Flowing like a river between the Avenue de France and Halle Freyssinet are the railway lines, now wider, now merging together. Here, to the right of the Panorama building, the possible area without intermediate supports is 58 meters (190 feet). Everywhere else, the buildings being erected over the railway network have been constructed on a thick platform, a table of concrete on which any collection of buildings conforming to the rules of urban development can be erected at random without planning ahead of time. Urban planners have abandoned the idea of the tabula rasa in favor of a tabula nova : a platform waiting to be developed. This approach is irrational and wasteful. Furthermore, it cannot be transposed to the right of the project because the span is too great, intermediate supports only being possible if a costly reconstruction of the rail infrastructure were to be undertaken. Our proposal approaches the problem from the other end. Instead of installing an initial platform, we have suggested suspending the platform forming the roof over the rails from the bridging building. This new theory changes the economic equation, allowing the cost of the invisible platform structure to be integrated with that of the superstructure of the building, this particular geographical arrangement allowing for a different kind of architecture. As designed, the building thus becomes a bridge-building resting on either side of the tracks, which are 58 meters apart, its 16,000 tons being suspended above the trains. The effect of this structural arrangement is liberating, making it possible to make particular use of gravitational stresses. Since the stresses are concentrated in the floors forming the bridging structure, the other parts of the building are free.
Suspended from or resting on the main structure, they can vary in thickness and embrace elements such as terraces, balconies, loggias, or mezzanines all different ways of expanding the working space depending on orientations and views.This choice of structural design makes it possible to develop comfortable tertiary spaces. The different areas and spaces extending from the office areas open onto the city or are screened from it by the use of corbelling. The working areas are able to enjoy these extensions, whether shared or individually acquired. Paradoxically, these very generous arrangements are the result of the structural constraints of the bridge design and the resolving of the problem of the railway lines by integrating the roof over the tracks into the design rather than using an inefficient supporting platform that would only increase the overall cost of the project.

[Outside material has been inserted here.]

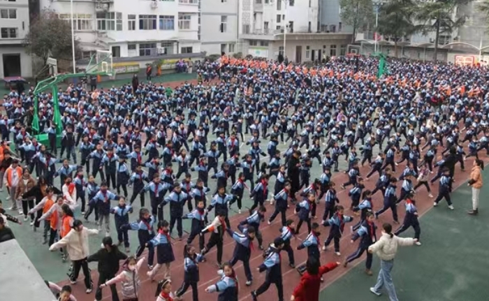 “兩操”,讓學(xué)生動起來。周二至周五,只要不下雨,8:30全校學(xué)生準(zhǔn)時到操場做第九套廣播體操。10:45,全校所有學(xué)生到操場集合,全校27個班級在跟班老師的帶領(lǐng)下分內(nèi)外圈在操場有序跑步,10分鐘的跑步讓學(xué)生微微出汗。

The architecture gains in coherence and the structure itself is implied without drawing attention to itself. Tomorrow, the railway lines below will disappear along with the whole network beneath the new construction, but the extraordinary method used will continue to evoke their presence. The beams of the main bridging are concentrated in the floors with façades pierced with a pattern recalling the Vierendeel beams used. The terraces included on the suspended or supported floors are freely varied. Both the memory of the fabrication process and that of the work site are embodied in an architecture that does not necessarily flaunt its muscles but which reveals itself without camouflage, without concealing its initial determining geographical condition. The project sprang from this coherent view; its realization becomes architecture.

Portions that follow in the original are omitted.